> Task requirements
Nothing but the pictures may be dropped; the rest of the listing is to be written out exactly.

------------

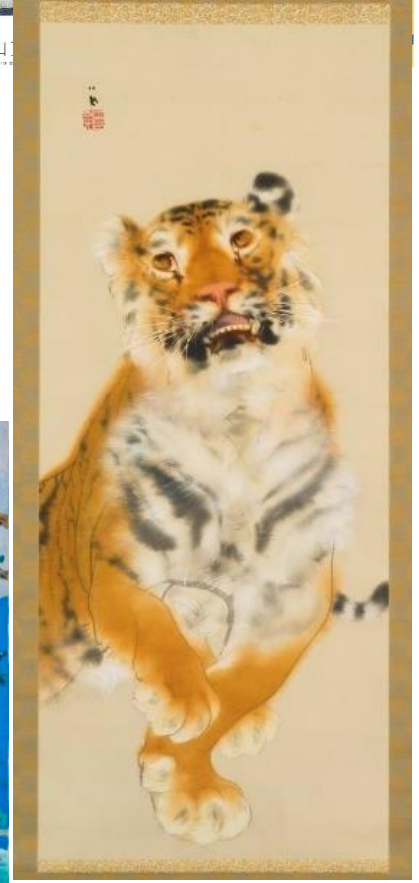
“Fierce Tiger” Takeuchi Seiho
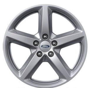
18" 5-spoke Painted Aluminum (Std. XLT 4WD; Opt XLT FWD with 3.5L engine)
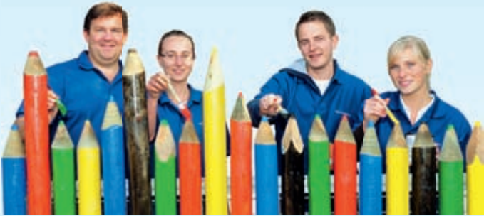
Employees from RWE Supply & Trading in Germany and the UK helping out at the Vincenzheim in Dortmund.
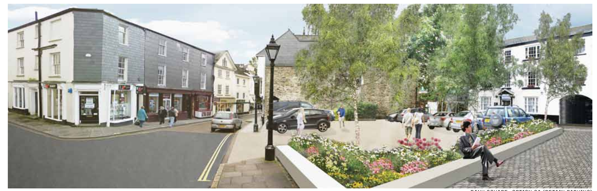
BANK SQUARE: OPTION 2A (RETAIN PARKING)
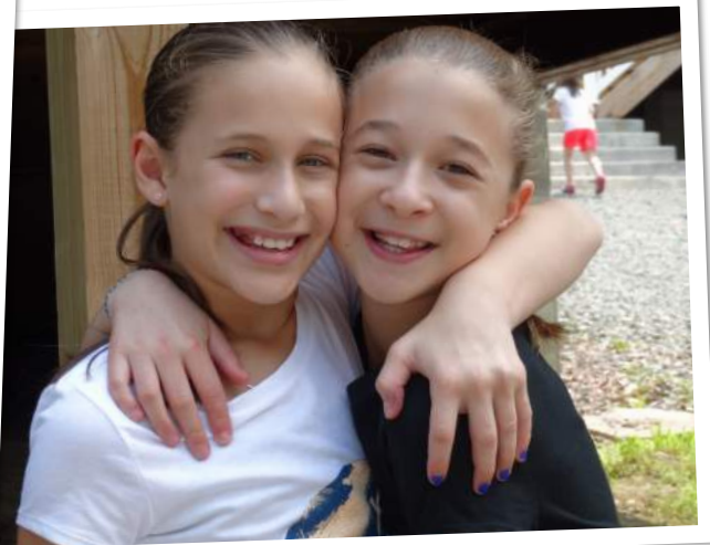
OLDER SHTILIM happily reunite with camp friends!
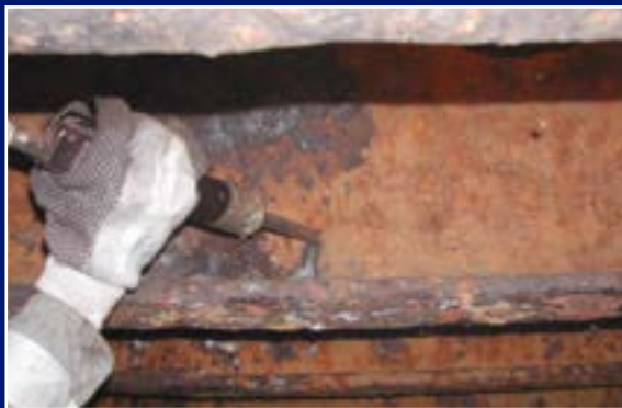
▶ Tank Prior to Treatment
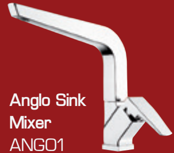
Anglo Sink Mixer ANG01
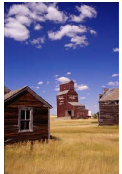
Honourable Mention "Once Upon a Time!" Murray Bryck
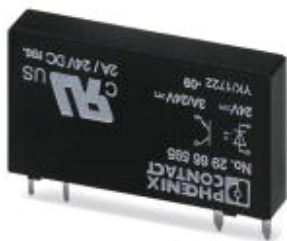
Plug-in miniature solid-state relay, power solid-state relay, 1 N/O contact, input: 24 V DC, output: 3 ... 33 V DC/3 A

Please be informed that the data shown in this PDF Document is generated from our Online Catalog. Please find the complete data in the user's documentation. Our General Terms of Use for Downloads are valid ( http://phoenixcontact.com/download )
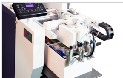
Deep Pile Fully-Automatic Feeding Head is Optional

The PODTOPIC-380RZ single-sided laminator is a specialty finishing system that meet the needs of on-demand print shops as an excellent complement for most digital print engines. This unit comes standard with semi-automatic feeder, or an optional deep pile fully-automatic feeding head is available. Unique flying knife sheet separation, works excellent with all feeding types including nylon. The PODTOPIC-380RZ has an adjustable de-curling system that creates consistent flat output. The PODTOPIC-380RZ is capable of both laminating as well as SleekerDigital™ finishing technology which allows for variable data foil stamping, spot varnishing and holographic effects on digital outputs. The PODTOPIC-380RZ is the professional and economical addition for in-house on-demand lamination and specialty finishing.
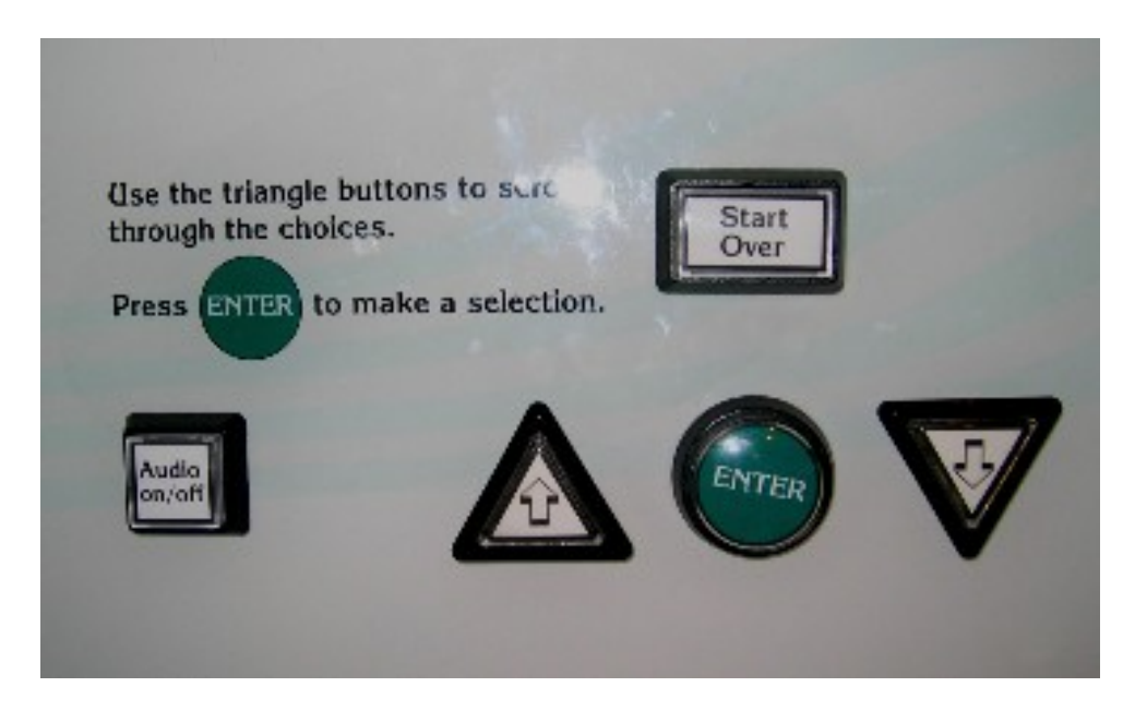
Figure 2: An example of a more recent Museum of Science computer interface

Modifications have also been made to the design based on the varying needs of the interactives themselves. In some cases, new interactives did not require visitors to scroll through options as the programs only offered two choices (such as the "yes" and "no"). In these situations, the triangle keys were replaced with two buttons of different shapes so that the form of the interface better matched its function (see Figure 3).
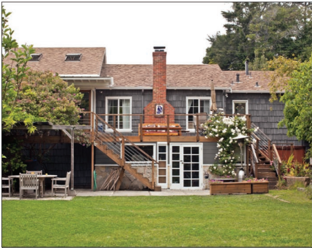
PENDING ~ 83 Norwood Ave 3br/1.5ba on park-like estate

PENDING ~ 204 Arlington Ave, 4br/3ba. Listed at $849,000 PENDING ~ 217 Willamette Ave, 3br/2ba. Listed at $850,000
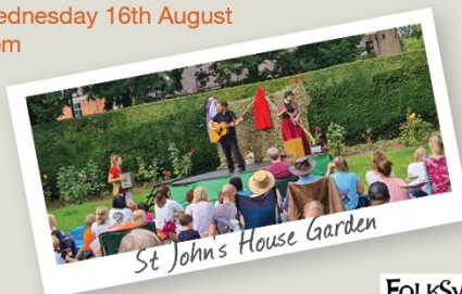
St John's House Garden
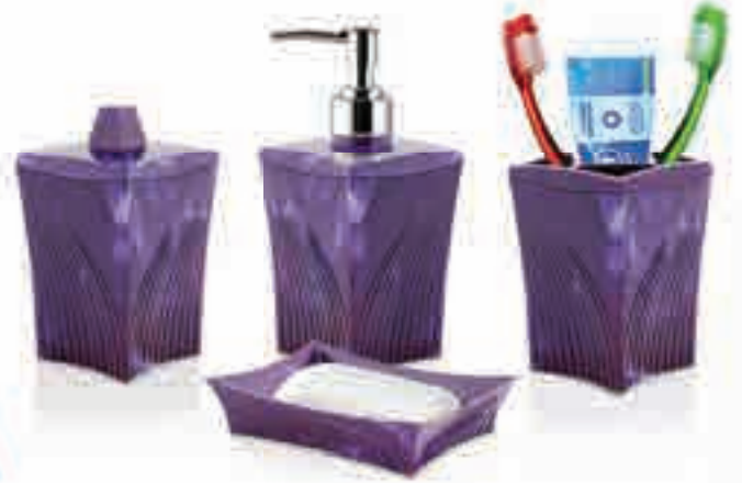
Diva Bathroom Set

------------

> Answer section
“Fierce Tiger” Takeuchi Seiho
18" 5-spoke Painted Aluminum (Std. XLT 4WD; Opt XLT FWD with 3.5L engine)
Employees from RWE Supply & Trading in Germany and the UK helping out at the Vincenzheim in Dortmund.
BANK SQUARE: OPTION 2A (RETAIN PARKING)
OLDER SHTILIM happily reunite with camp friends!
▶ Tank Prior to Treatment
Anglo Sink Mixer ANG01
Honourable Mention "Once Upon a Time!" Murray Bryck
Plug-in miniature solid-state relay, power solid-state relay, 1 N/O contact, input: 24 V DC, output: 3 ... 33 V DC/3 A

Please be informed that the data shown in this PDF Document is generated from our Online Catalog. Please find the complete data in the user's documentation. Our General Terms of Use for Downloads are valid ( http://phoenixcontact.com/download )
Deep Pile Fully-Automatic Feeding Head is Optional

The PODTOPIC-380RZ single-sided laminator is a specialty finishing system that meet the needs of on-demand print shops as an excellent complement for most digital print engines. This unit comes standard with semi-automatic feeder, or an optional deep pile fully-automatic feeding head is available. Unique flying knife sheet separation, works excellent with all feeding types including nylon. The PODTOPIC-380RZ has an adjustable de-curling system that creates consistent flat output. The PODTOPIC-380RZ is capable of both laminating as well as SleekerDigital™ finishing technology which allows for variable data foil stamping, spot varnishing and holographic effects on digital outputs. The PODTOPIC-380RZ is the professional and economical addition for in-house on-demand lamination and specialty finishing.
Figure 2: An example of a more recent Museum of Science computer interface

Modifications have also been made to the design based on the varying needs of the interactives themselves. In some cases, new interactives did not require visitors to scroll through options as the programs only offered two choices (such as the "yes" and "no"). In these situations, the triangle keys were replaced with two buttons of different shapes so that the form of the interface better matched its function (see Figure 3).
PENDING ~ 83 Norwood Ave 3br/1.5ba on park-like estate

PENDING ~ 204 Arlington Ave, 4br/3ba. Listed at $849,000 PENDING ~ 217 Willamette Ave, 3br/2ba. Listed at $850,000
St John's House Garden
Diva Bathroom Set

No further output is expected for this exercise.